When they’d both sobered up a bit he burst into tears and wept for two solid hours—out of remorse, she said. He swore that from that time on he’d look after her until the day one of them died. It was a romance, she told me.
Sometimes the stories I hear are so random and messy, so lacking in either reasons or consequences, that I simply have to accept what I’m told. It’s only novelists who string together causes and effects like bead necklaces, as if stories really need to be logical. We pick them apart, looking for flaws in logic, forgetting that, more often than not, real life isn’t like that.
Crime writers often feel they should think like the detectives or lawyers they’re writing about. Crimes, once committed, should start a chain of events that lead to a satisfying conclusion.
What should I have asked Hazel? Why didn’t you go to the police? All crime stories begin with help being sought after an offence. But if someone is too drunk, broke, degraded, and exhausted to seek help or justice, no cop, detective, or law is invoked and therefore there’s no story. Well, there is a story, but no satisfactory explanation or logical consequence.
Tough. I have now told you everything that Hazel told me. I had no right to prod or pry any further—I am not a detective. I didn’t even know if Jacko was the one who infected Hazel with AIDS, or if it was the other way round. The way she told the story, she was loved and cared for by her rapist and killer.
Then she died and Jacko has been alone ever since. Every time I see him in the street now he rolls up his trouser legs to show me the raw lesions. Every time I look there are more. Is he saying, “Look, this is what I deserve. This sickness is my redemption. Yes, I raped her but she’s still killing me”? Probably not, he’s not much of a talker or a thinker. He’s probably just saying, “I’m sick, give me money.” But when I give him money who am I supporting? Am I, a feminist, giving money to a rapist and a killer? Or am I just giving a sick man the bus fare to the hospital?
Nothing is clear and you would have to be more naive than I am to believe everything you hear and then to judge a man on that basis.
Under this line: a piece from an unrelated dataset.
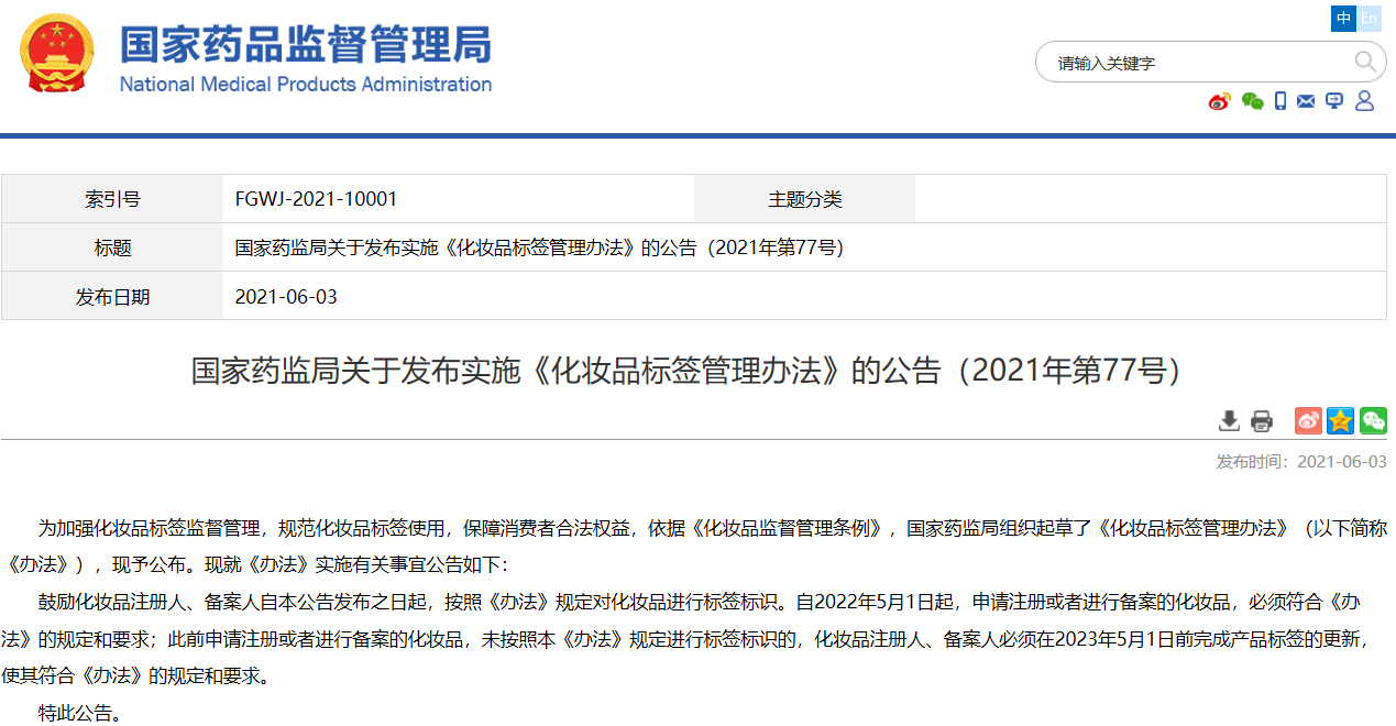 國(guó)家藥監(jiān)局關(guān)于發(fā)布實(shí)施《化妝品標(biāo)簽管理辦法》的公告(2021年第77號(hào))

Jacko is even less satisfactory as a storyteller than Hazel was. I want far more shape, many more answers than I’ve been given. But I’ll just have to make them up for myself because I’m addicted to looking for meaning, to filling in gaps. However, more likely than not, if I’m trying to find my way towards some sort of truth, I will be proved wrong. Because, apart from random conversations and sometimes cooking at a homeless shelter, I simply don’t walk in that world. And Sick Hazel, as far as I know, didn’t read detective stories. So she didn’t shape her story to suit her audience. She just told it like it was. Or wasn’t. As I said at the beginning, I’ve taught myself to be neither a believer nor a disbeliever.